Data-dependent Bounds with $T$-Optimal Best-of-Both-Worlds Guarantees in Multi-Armed Bandits using Stability-Penalty Matching
This work addresses the need for more adaptive algorithms in online learning, offering incremental improvements in regret bounds for multi-armed bandits.
The paper tackled the problem of achieving adaptive regret bounds in multi-armed bandits by proposing real-time stability-penalty matching (SPM), which simultaneously provides data-dependent, best-of-both-worlds guarantees with worst-case bounds of O(√T) in adversarial regimes and O(ln T) in stochastic regimes.

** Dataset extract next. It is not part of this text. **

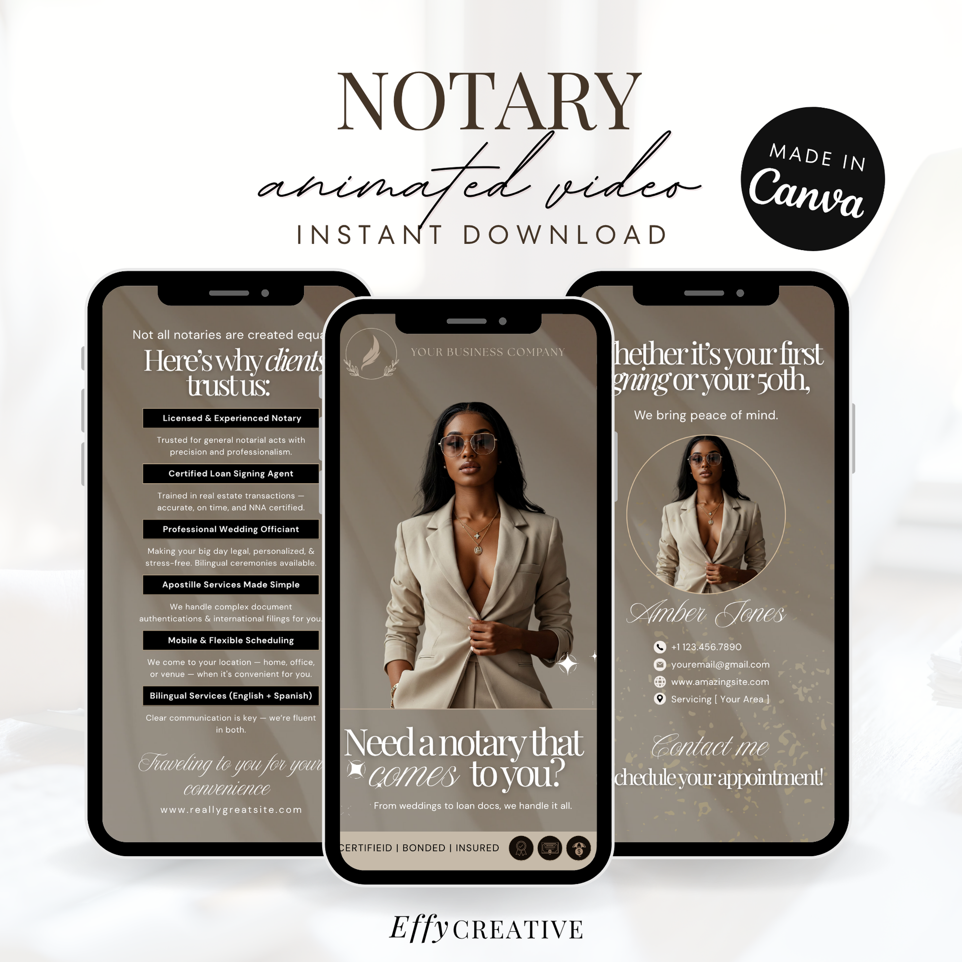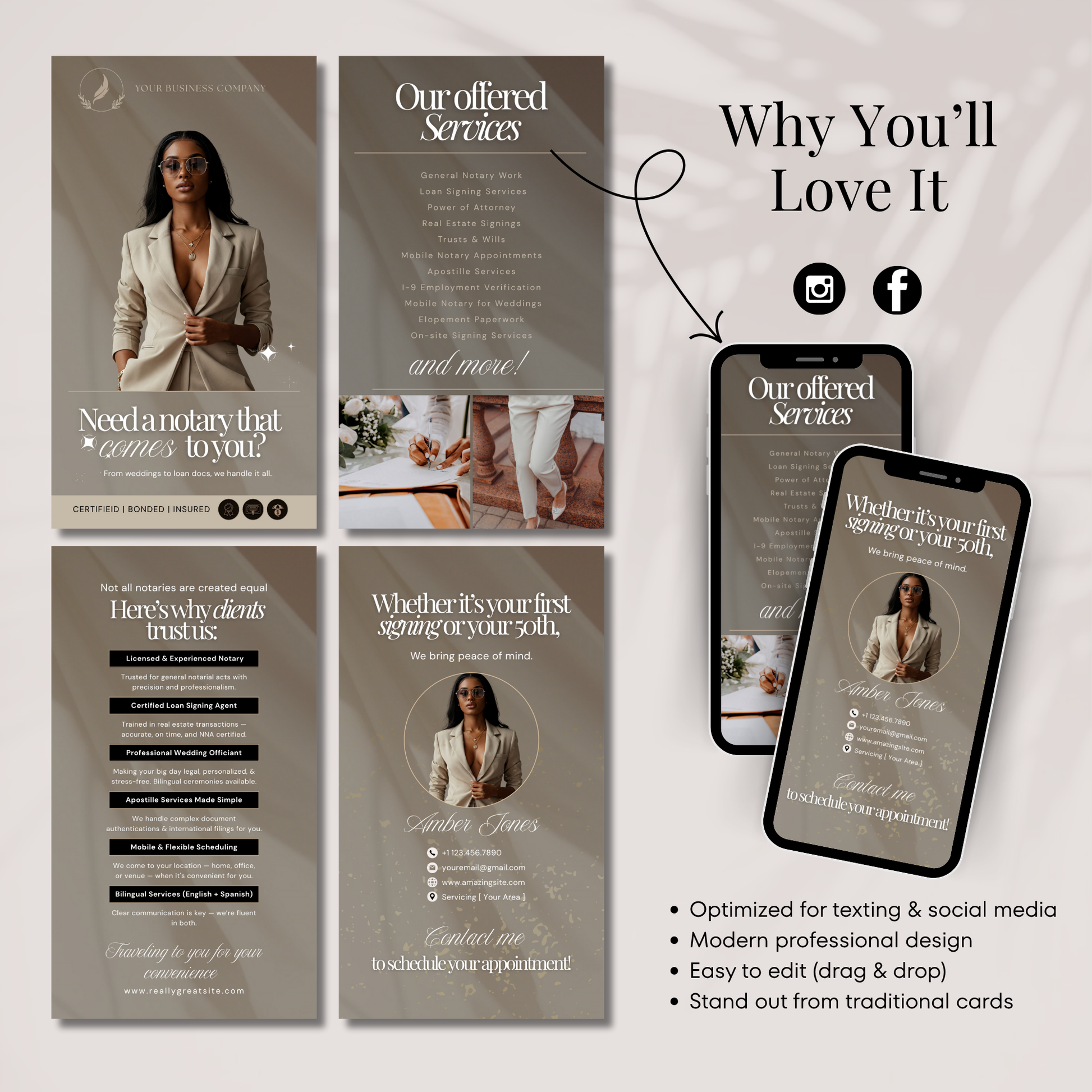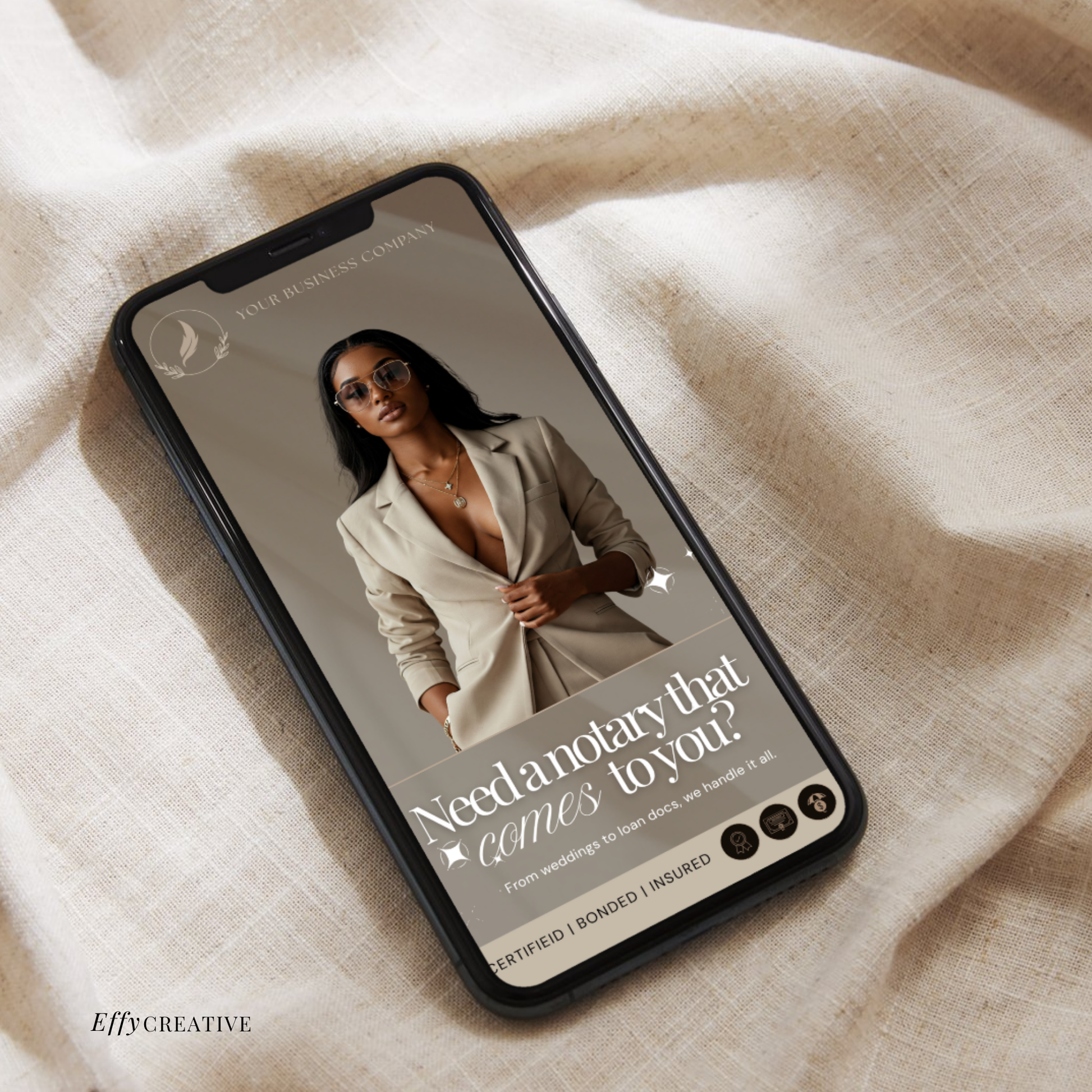 🤍 Designed to help you stand out in seconds, this digital business flyer is made for notaries who want to show up online with style and motion. Whether you're texting clients, posting on Instagram, or sharing in Facebook stories — this flyer makes you look professional, modern, and unforgettable. This digital template is editable in Canva and can be used as a PNG, PDF or MP4 for Posting, texting, emailing, or printing.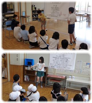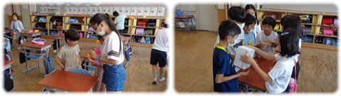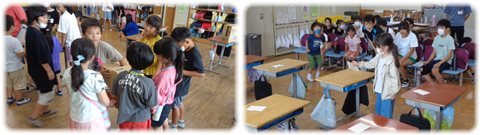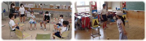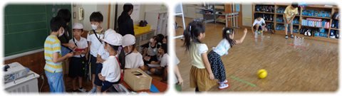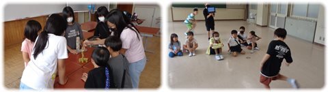 左:物あてゲーム 代表の子が箱の中に入っているものを触ってその特徴を話し、それを聞いた班の子が入っているものを当てるゲーム。

Existing data-dependent and best-of-both-worlds regret bounds for multi-armed bandits problems have limited adaptivity as they are either data-dependent but not best-of-both-worlds (BOBW), BOBW but not data-dependent or have sub-optimal $O(\sqrt{T\ln{T}})$ worst-case guarantee in the adversarial regime. To overcome these limitations, we propose real-time stability-penalty matching (SPM), a new method for obtaining regret bounds that are simultaneously data-dependent, best-of-both-worlds and $T$-optimal for multi-armed bandits problems. In particular, we show that real-time SPM obtains bounds with worst-case guarantees of order $O(\sqrt{T})$ in the adversarial regime and $O(\ln{T})$ in the stochastic regime while simultaneously being adaptive to data-dependent quantities such as sparsity, variations, and small losses. Our results are obtained by extending the SPM technique for tuning the learning rates in the follow-the-regularized-leader (FTRL) framework, which further indicates that the combination of SPM and FTRL is a promising approach for proving new adaptive bounds in online learning problems.